Object Representation#

Harlequin’s implementation achieves dynamic typing of Dylan objects by associating the type with an object based on tagging.

In many circumstances, the Dylan compiler can statically determine the type of an object. This knowledge can be used to select an alternative representation which is more efficient than the canonical representation. For example, the canonical representation of a double float object in Dylan is as a pointer to heap-allocated storage which contains the IEEE bit pattern of the double float in addition to a reference to the Dylan class object <double-float>. The compiler may choose to represent the value as a direct bit pattern, wherever this does not violate the semantics of the program.

Tagging Scheme#

All Dylan values are represented as data of the same size, the size of a pointer. The bit pattern of these values contains tag bits which indicate whether the value is actually a pointer, or whether it is a direct value. Since there are three major groups (integers, characters and everything else), the representation for all platforms is to use two bits.

Tag Bits

Type

00

Heap Allocated

01

Integers

10

Characters

11

Unicode Characters

Integers and Characters#

Integers and characters are represented as direct values, using the tag bits as the only indication of type.
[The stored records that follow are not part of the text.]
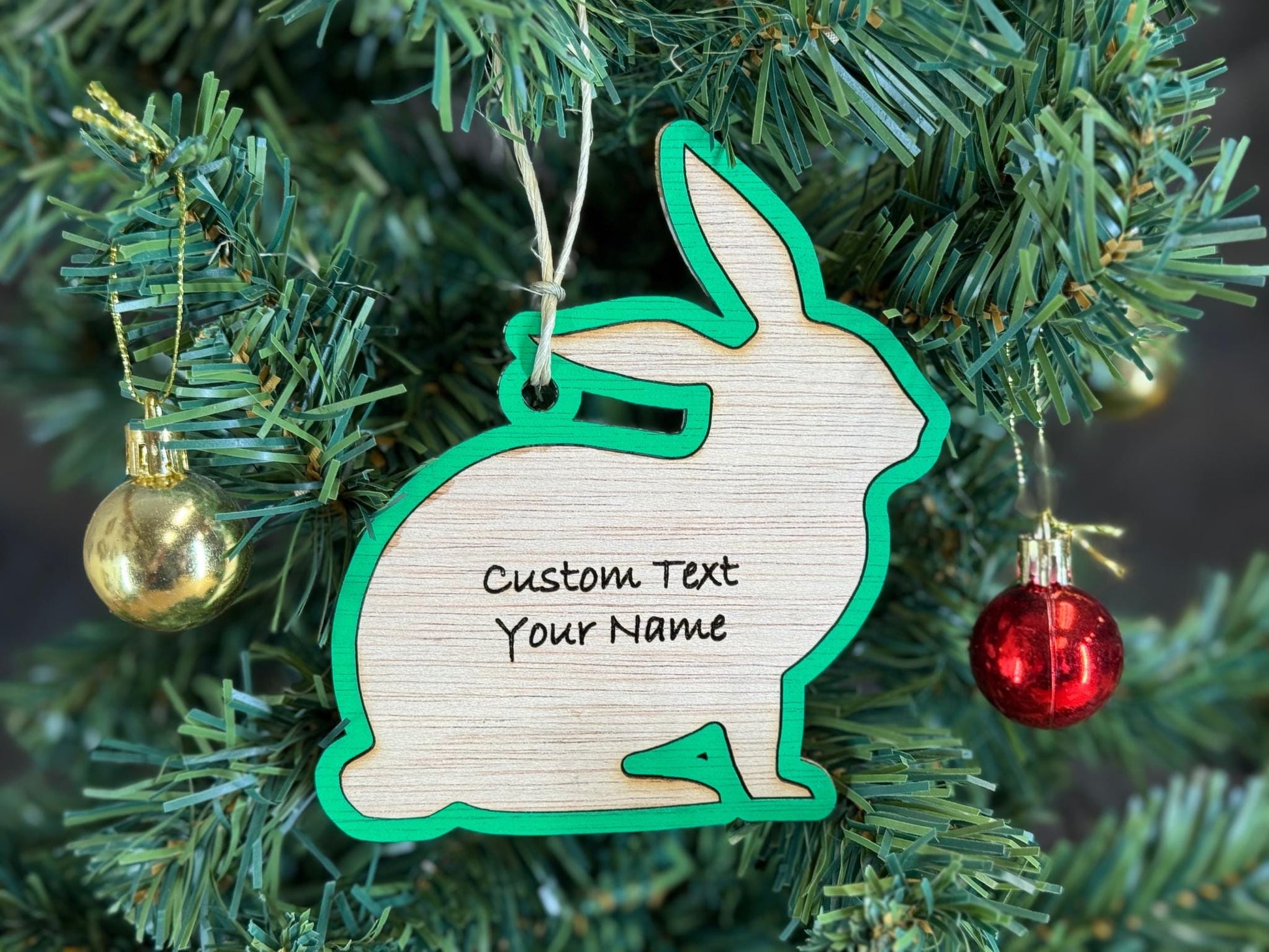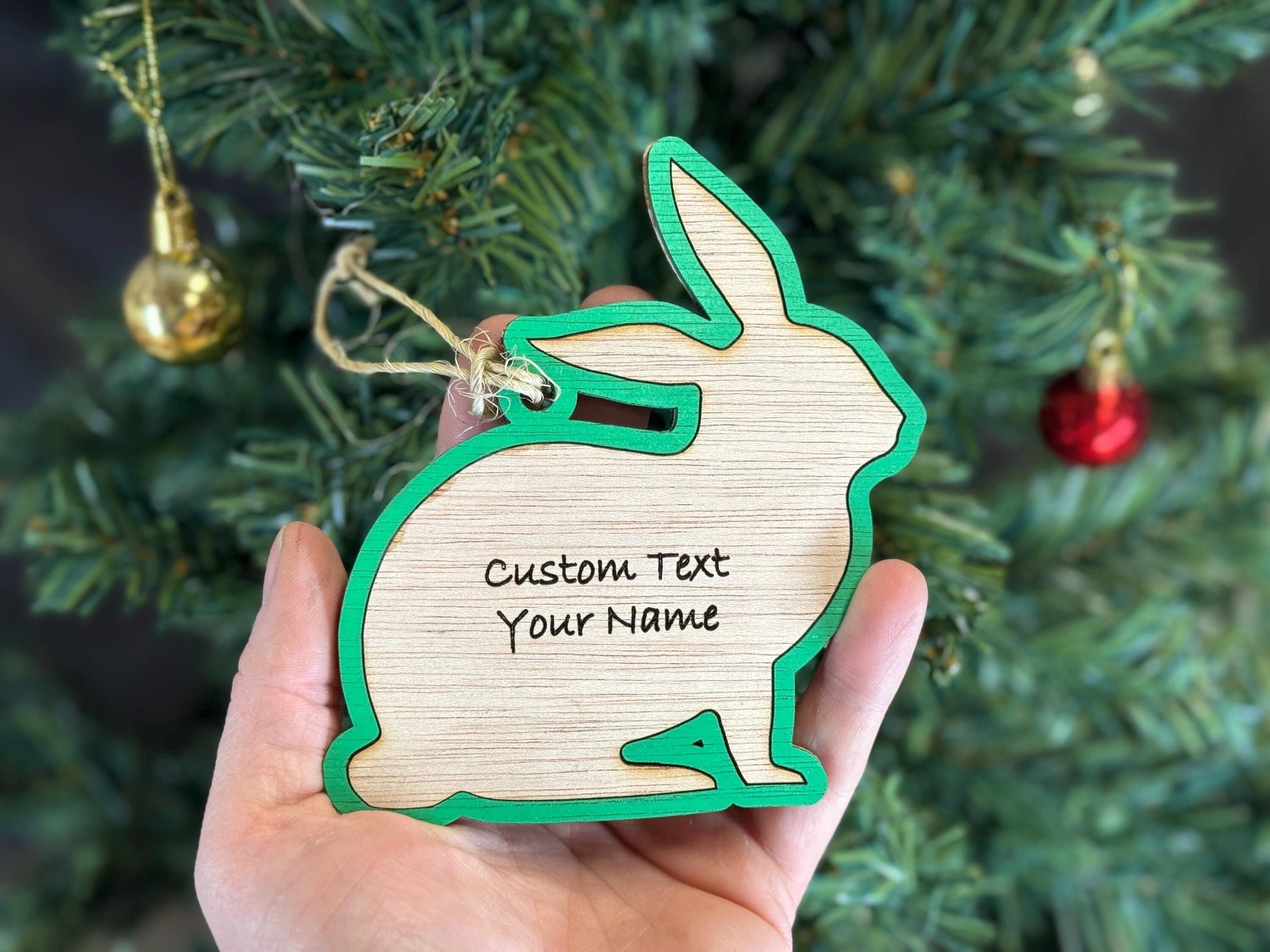 Customizable Rabbit Christmas Ornament: Plywood Bunny Gift
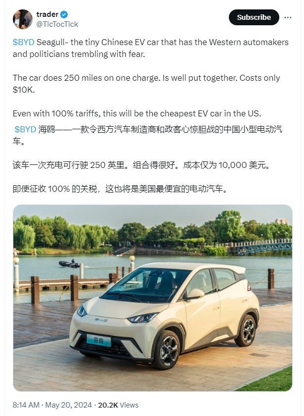 中國的一款電動車,把美國車企和政客快整崩潰了:美國貴3倍
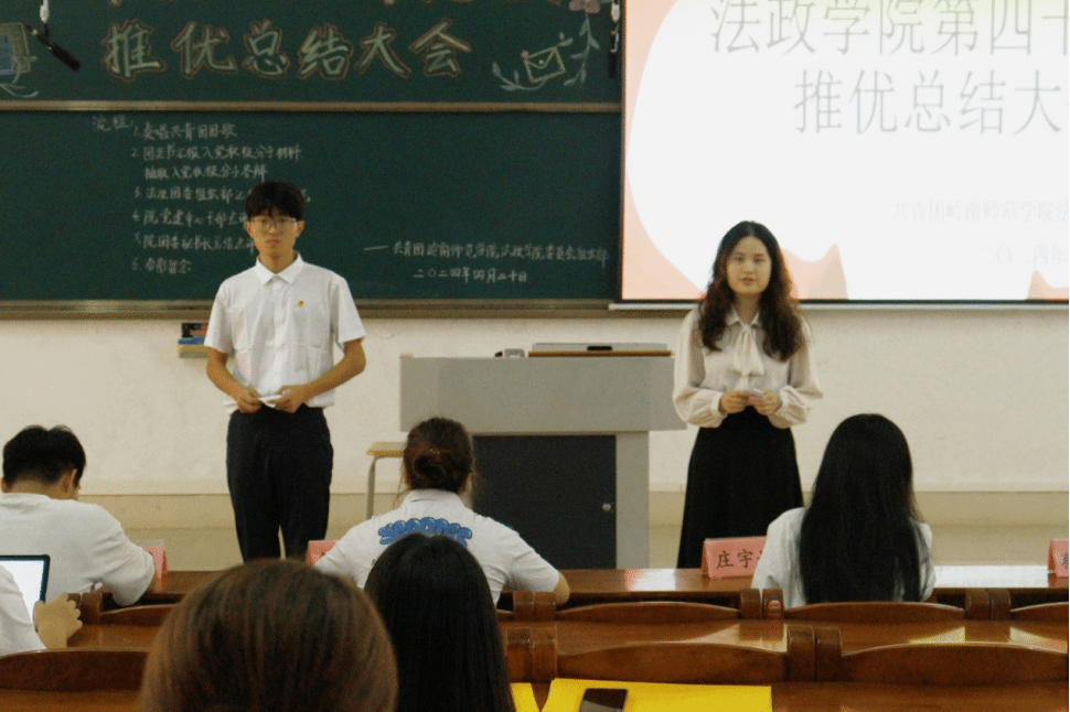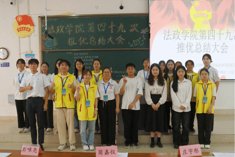 为进一步深化法政学院党建对团建的引领作用,加强对青年团员的理想信念教育,激发团员青年的政治热情,推进“铸魂育人”工程的落实,法政学院于4月20日下午在弘雷楼611室开展了第四十九次推优总结大会。法政学院团委副秘书长简嘉仪,法政学院党建中心学生干部彭唯尧,各二级学院团委组织部干部代表以及法政学院2021级至2023级团支部代表以及73名通过团组织推优的优秀团员参加本次推优大会。
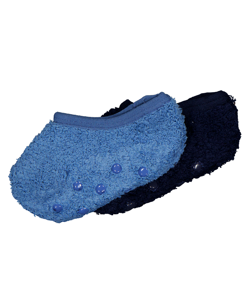 Deze blauwe footies zijn gemaakt van 99% polyester en 1% elastaan. Door het zachte materiaal zitten ze comfortabel. Dankzij de antislip aan de onderkant heb je extra grip en glijd je minder snel uit op gladde vloeren. Elke set bevat twee paar footies. Geschikt voor jongens en meisjes. Fijn om binnenshuis te dragen voor extra comfort en veiligheid.
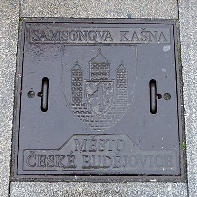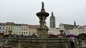 (Budweis) Marktplatz, am Brunnen

The tagging scheme uses the least significant two bits. With this scheme, a character or integer is converted to its untagged representation by arithmetic right shifting by two bits. Similarly the conversion from an untagged to a tagged representation is to shift left and add in the tag bits.

Operations on these values (e.g., addition, or other arithmetic operations) are always performed on the untagged representation. This is sub-optimal, because it is possible to perform arithmetic operations directly on the tagged values. It is planned to improve this mechanism at a later date, along with a revision of the tagging scheme.

Boxed Objects#

Apart from integers and characters, all Dylan objects are indirectly represented as boxed values (that is, they are pointers to heap allocated boxes). The runtime system is responsible for ensuring that these boxed values are appropriately tagged, because the runtime system provides the allocation service, and must ensure appropriate alignment.

Boxed objects are dynamically identified by their first slot, which is an identification wrapper. This identification wrapper (itself a boxed Dylan object) contains a pointer to the class of the object it is wrapping, as well as some encoded information for the garbage collector about which slots should be traced.

../../../../../_images/runtime-2.png

Boxed Objects#

Note that two indirections are necessary to find the class of an object. In practice, this is a rare operation, because almost all dynamic class testing within Dylan is implicit, and the implementation can use the wrapper for these implicit tests. Note that there is potentially a many-to-one correspondence between wrapper objects and class objects.

The Dylan compiler builds literal boxed objects statically whenever it can. In practice, this will include most function objects apart from closures, virtually all wrappers, and most class objects, as well as strings, symbols, and literal vectors and lists.

Variably Sized Objects#

Variably sized objects, such as strings, vectors and arrays, are boxed objects which contain a repeated slot. The repeated slot is implemented as a variably sized data area preceded by a normal slot containing the size of the variably sized data represented as a tagged integer. The size slot is used at the Dylan language level to determine the size of the array. There is also a special encoding for it in the tracing data of the wrapper so that the memory manager knows how to trace the repeated data. For example, an instance of the <byte-string> “foo” is represented as in:.

../../../../../_images/runtime-3.png

An Instance of <byte-string>#

Function Objects#

Dylan provides two built-in classes of functions: <generic-function> and <method>. These both obey the same general purpose calling convention, but also support specialized calling conventions (described below) which the compiler may use depending on the detail of its knowledge about the function being called, and the circumstances. Slots in the function object point to the code which implements each convention.

All functions also have a slot which encodes the number of required parameters the function accepts, and whether the function accepts optional or keyword parameters. Another slot in each function object contains a vector of the types which are acceptable for each required parameter. These slots are used for consistency checking of the arguments.

Generic functions have further slots which support the method dispatching process — including a slot which contains a vector of all the methods belonging to the generic function, and a slot which contains a cache of sorted applicable methods for combinations of arguments which have been processed before.

Methods may be closures, in which case a slot in the method object contains the environment for the method, which is represented as a vector of closed-over variables. If the variable is known actually to be constant, then the constant value is stored directly in the vector. Alternatively, if there is any possibility of an assignment to the variable, then the value is stored with an extra indirection to a value cell, which may be shared between many closures with related environments.